As iText provides a low level API which allows you to manipulate nearly everything in a document, **it is possible**. That is **not** to say that it is **easy**, though, as you will have to write the code yourself to identify for each element in the page content whether or not it is visible, and you will have to glue together the remaining parts of the content yourself, too. You can reduce the resulting document size in your current solution, though, if you reuse an imported page template if multiple sections of it are to be made visible. Interesting work for many weeks... — mkl, Mar 06 '13 at 11:24
Try using the `PdfStamper` class for cropping: http://itextpdf.com/examples/iia.php?id=231 — Markus Palme, Mar 31 '13 at 21:33
I'm not a 100 percent on this as far as iTextSharp is concerned but iPdfSharp has the ability to render from forms. the idea is that you open your page, that you are cropping, inside a form and then render out only the parts you need into a new document. You will not be making multiple copies and the rendered (cropped) parts will be images. Try to see if this is an option under IText api. — Alex, May 28 '13 at 08:31
Due to time restrictions, I decided to use another PDF framework to accomplish what I need. For that I used the AmyUni PDF Creator .NET, a simple yet nice library. It has it`s own bugs though, but I'm interacting with them to solve. — Hetote, May 29 '13 at 15:21
Have you looked at [ABCPdf](http://www.websupergoo.com/abcpdf-1.htm)? If I'm correct it can do exactly what you want to do, and pricing is about the same as the AmyUni lics. — Peter R, Jul 30 '13 at 09:16
I recently switched from iTextSharp to a wkhtmltopdf, which renders HTML in webkit and then converts it to PDF. I found it a lot easier to work with as you can build your page in HTML instead of needing to code it manually in iText syntax. IIRC iTextSharp used to have a HTML to PDF routine but they took it out for some reason. — roryok, Jul 30 '13 at 10:55
Hidden Objects? I think there is something wrong with your dynamically created objects. If I were you, I'll just have to fix the algorithm I use in displaying objects to prevent generation of hidden objects — Mark, Sep 12 '13 at 02:08
Christian, I'm not creating these objects. I'm cropping complete PDF documents. Think of newspaper or magazine pages, get a scisor to cut different news in pieces. Using the described partial solution, it creates invisible content. No good. So, I ended implementing it with AmyUni library. But 6 months later, I still find bugs on it... — Hetote, Sep 13 '13 at 14:17
Any news about this issue?
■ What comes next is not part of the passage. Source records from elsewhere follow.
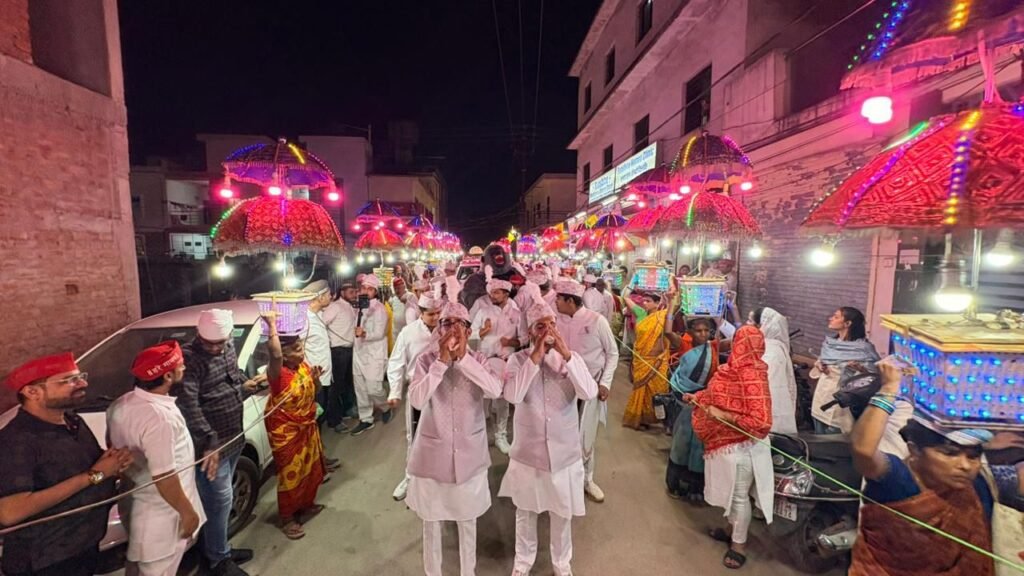 शोभायात्रा में हरे माधव परिवार की संगत विभिन्न वेशभूषाओं में माताएं बहनें कलश उठाये,
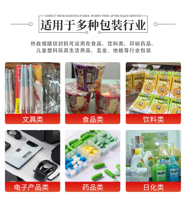 - 长度无限制:拓展包装适用范围,尤其解决长尺寸、异形长条产品的包装难题,同时保持封口牢固、收缩平整的包装效果。
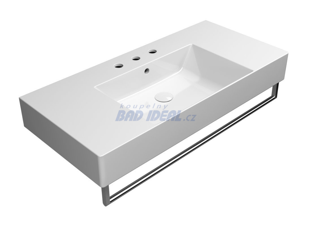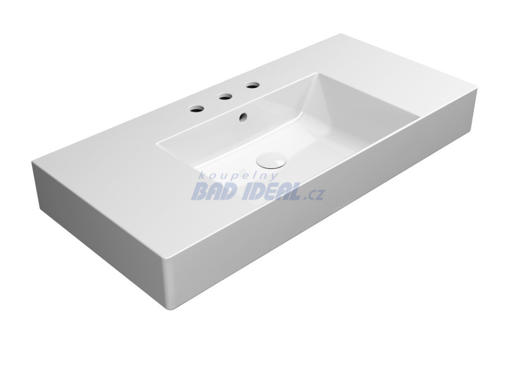 KUBE X keramické umyvadlo 100x47cm, s odkládacími plochami, 3 otvory, bílá ExtraGlaze.
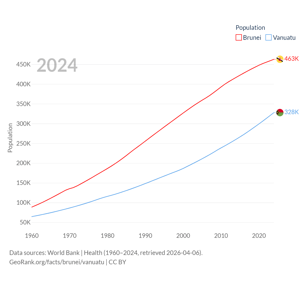 Brunei has a population of 463K (ranked 170/197), compared with 328K in Vanuatu (ranked 174/197). Brunei's land area is 2,035 sq mi versus 4,707 sq mi for Vanuatu (ranked 165th vs. 157th).
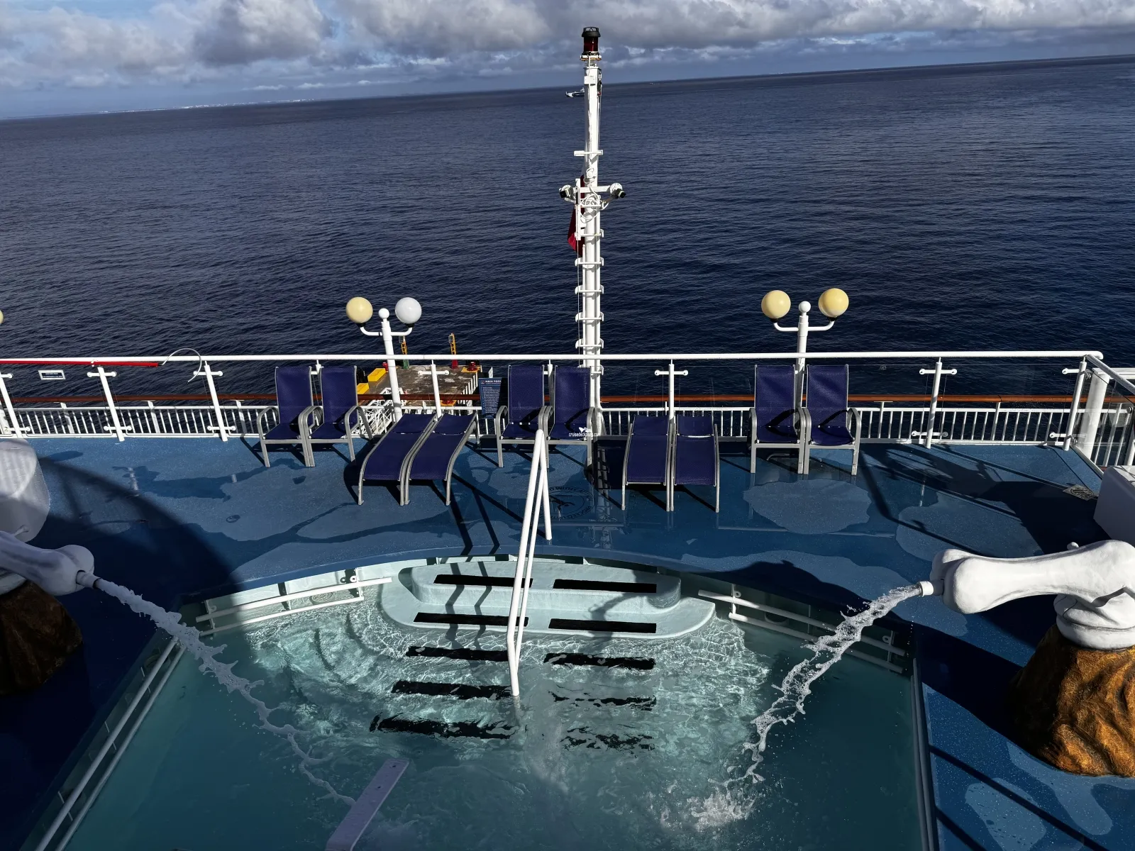 Large pool with 4 hot tubs and statium style lounge chairs. Nearby bar and ice cream bar. This is the place the ship also has out door cook outs.Library
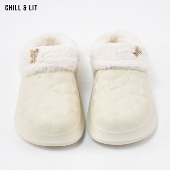 Crocs à Accessoire de Hauteur Semelle 4cm avec Doublure en Fausse Forure Super Chaudes, Confortables et Douces Super Tendances . Pointure sur la Photo:37.
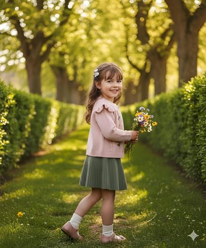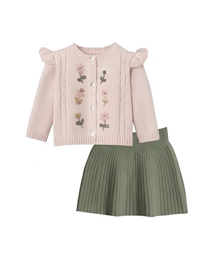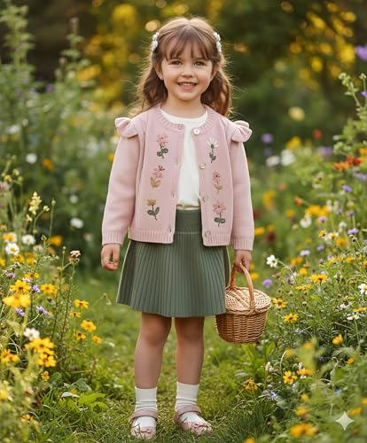Generic - كارديجان تشارم - طقم ملابس اطفال لولي بوب مطرز للبنات من سن 4 الى 12 سنة، بيج وبينك
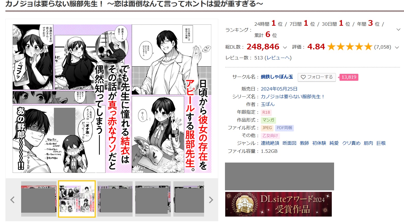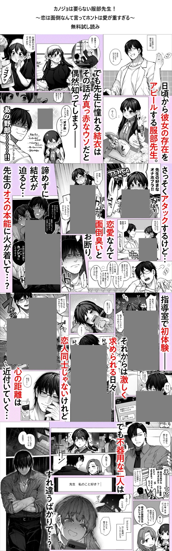 『カノジョは要らない服部先生! ~恋は面倒なんて言ってホントは愛が重すぎる~』のモザイク・黒塗りなしバージョンが公開中です。
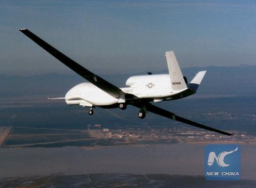 The Global Hawk drone, built by Northrop Grumman Corp for the U.S. Air Force, flies over Edwards Air Force Base on Feb. 28, 1998. (Reuters File photo)
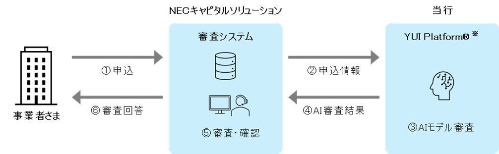 このたび、SBI新生銀行が開発したAI審査ロジックと、NECキャピタルソリューションの豊富な審査ナレッジとを組み合わせることで、SBI新生銀行グループの統合AIプラットフォーム「YUI Platform®」※上に独自の与信審査モデルを構築しました。この与信審査モデルをNECキャピタルソリューションの「小口リース」の与信審査業務に適用することにより、審査業務の約20%を自動化するとともに、審査精度の向上と、回答までに要する期間の短縮化を図るものです。今後も、さらなる改善を進めてまいります。
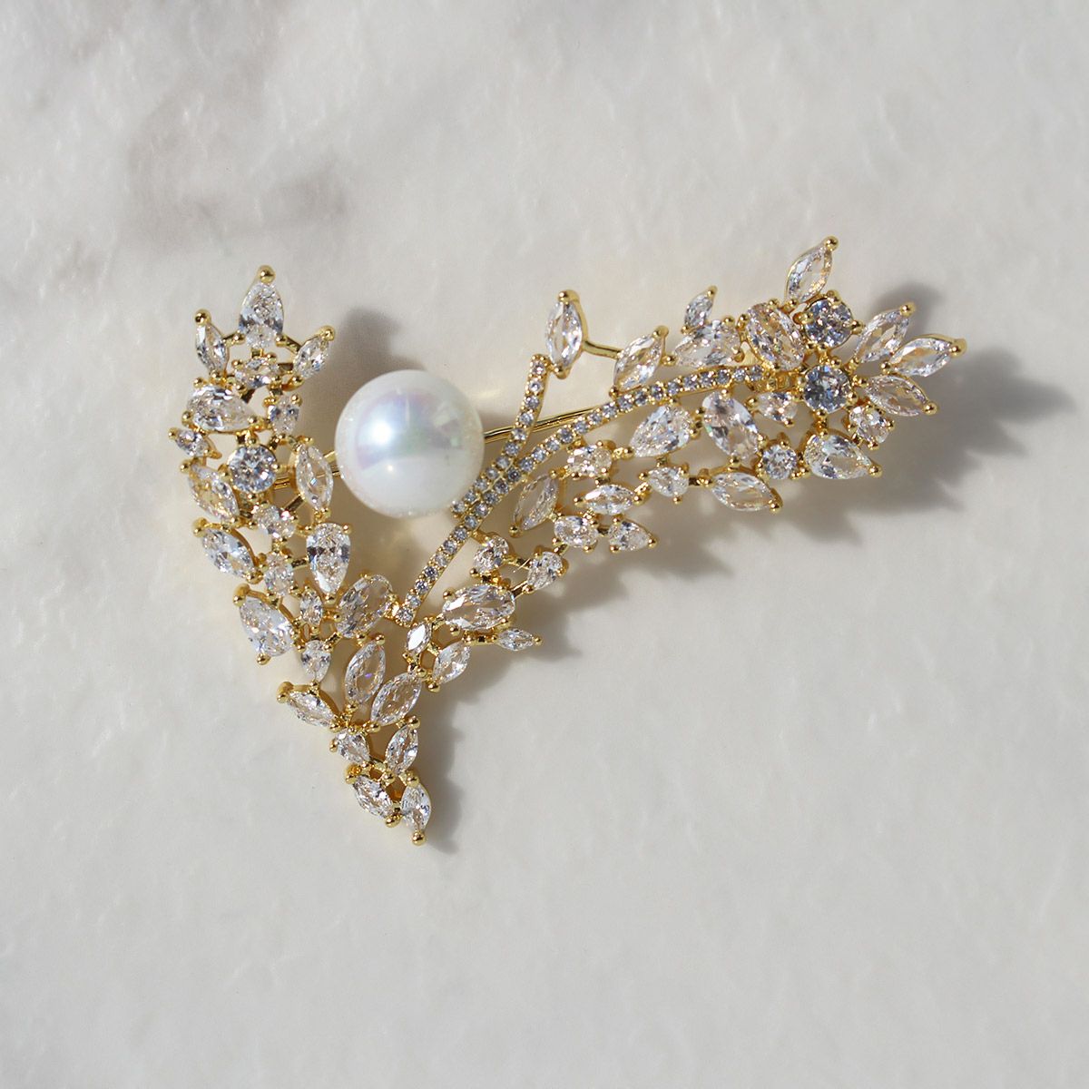 キュービックジルコニア×淡水パールボタニカルブローチ【美ST 掲載】

I'm looking for the same thing, found some interesting piece of code [here](http://stackoverflow.com/questions/29260154/itextsharp-crop-pdf-file-c). But it doesn't remove the invisible elements, it cleans an area of the page, which can affect other parts of the page. Does AmyUni or ABCPdf can do the work? — Max, Oct 01 '15 at 08:24

score 1 · Answer 1 · answered Sep 18 '13 at 05:47

1

If the PDF which you are trying is a template/predefined/fixed then you can remove that object by calling RemoveField.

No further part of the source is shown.